"Live in society, earn your livelihood, and maintain your health, but strengthen and develop your soul to the point that, like a solid tree, nothing can shake you."
-Ostad Elahi
"The intellectual method of spirituality...is completely new and is the result of the spiritual experiences of Ostad Elahi (1895-1974). For the first third of his life, Ostad experimented with classical mysticism (the sensorial method) and was able to dominate all of his imperious desires through difficult ascetic practices that lasted for twelve consecutive years. During this time, practically in full retreat from the world and absorbed in divine love, he devoted the vast majority of his time to spiritual discoveries and meditative contemplation, and thus advanced as far as the sensorial method could take him.

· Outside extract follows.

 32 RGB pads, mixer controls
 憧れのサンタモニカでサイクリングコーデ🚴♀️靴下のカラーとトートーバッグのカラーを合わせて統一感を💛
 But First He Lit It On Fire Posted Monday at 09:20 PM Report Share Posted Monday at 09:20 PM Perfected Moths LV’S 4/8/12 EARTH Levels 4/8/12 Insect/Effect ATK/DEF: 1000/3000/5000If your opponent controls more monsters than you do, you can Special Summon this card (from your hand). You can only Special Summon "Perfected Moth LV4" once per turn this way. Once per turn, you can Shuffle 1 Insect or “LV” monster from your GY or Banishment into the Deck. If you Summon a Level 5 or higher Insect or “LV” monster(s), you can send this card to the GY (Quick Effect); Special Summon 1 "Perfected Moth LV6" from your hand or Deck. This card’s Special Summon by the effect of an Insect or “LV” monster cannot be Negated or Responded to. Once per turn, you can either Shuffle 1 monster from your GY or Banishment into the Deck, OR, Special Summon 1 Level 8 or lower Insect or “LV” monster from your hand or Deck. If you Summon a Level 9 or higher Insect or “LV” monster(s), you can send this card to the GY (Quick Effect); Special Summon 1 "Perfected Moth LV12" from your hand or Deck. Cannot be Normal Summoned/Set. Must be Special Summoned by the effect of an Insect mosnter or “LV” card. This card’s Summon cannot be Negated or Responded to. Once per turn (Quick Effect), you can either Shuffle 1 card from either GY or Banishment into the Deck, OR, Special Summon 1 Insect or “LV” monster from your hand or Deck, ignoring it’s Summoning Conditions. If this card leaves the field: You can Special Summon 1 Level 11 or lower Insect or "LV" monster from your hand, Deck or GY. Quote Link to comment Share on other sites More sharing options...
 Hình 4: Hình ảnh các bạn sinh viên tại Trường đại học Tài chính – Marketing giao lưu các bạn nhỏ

Ostad would later recall this period as the happiest in his life:
'When I look at pictures from my youth, a special feeling overcomes me as I remember the exalted state I was in. The world and everything in it meant nothing to me. I was in such spiritual exaltation that even thinking about it now still moves me.'
Around the age 25, Ostad ended his seclusion and gradually began moving in a direction opposite to that of classical mysticism. Determining that life in society was a more suitable environment for spiritual development due to its numerous challenges and temptations, he entered society and began a career in the judiciary. It quickly became apparent that the richness of this new approach to spirituality was incomparable to his previous experience. Ostad concluded that it was by confronting the tests of life in society with the help of a strong will that human beings could develop their celestial reason (spiritual intellect):
'Before I entered government service, I was unaware that all my prayers and twelve years of asceticism on the mystical path had the same spiritual value as a single year working in the government. Each of the years spent in public service, often in sensitive positions where I could have erred at any moment, was equal in vaue to those twelve years of asceticism. It is because of this principle that I say: live in society, earn your livelihood, and maintain your health, but strengthen and develop your soul to the point that, like a solid tree, nothing can shake you.'
Therefore it is with the help of celestial reason and willpower that we can dominate our imperious desires and temptations, not through difficult ascetic practices."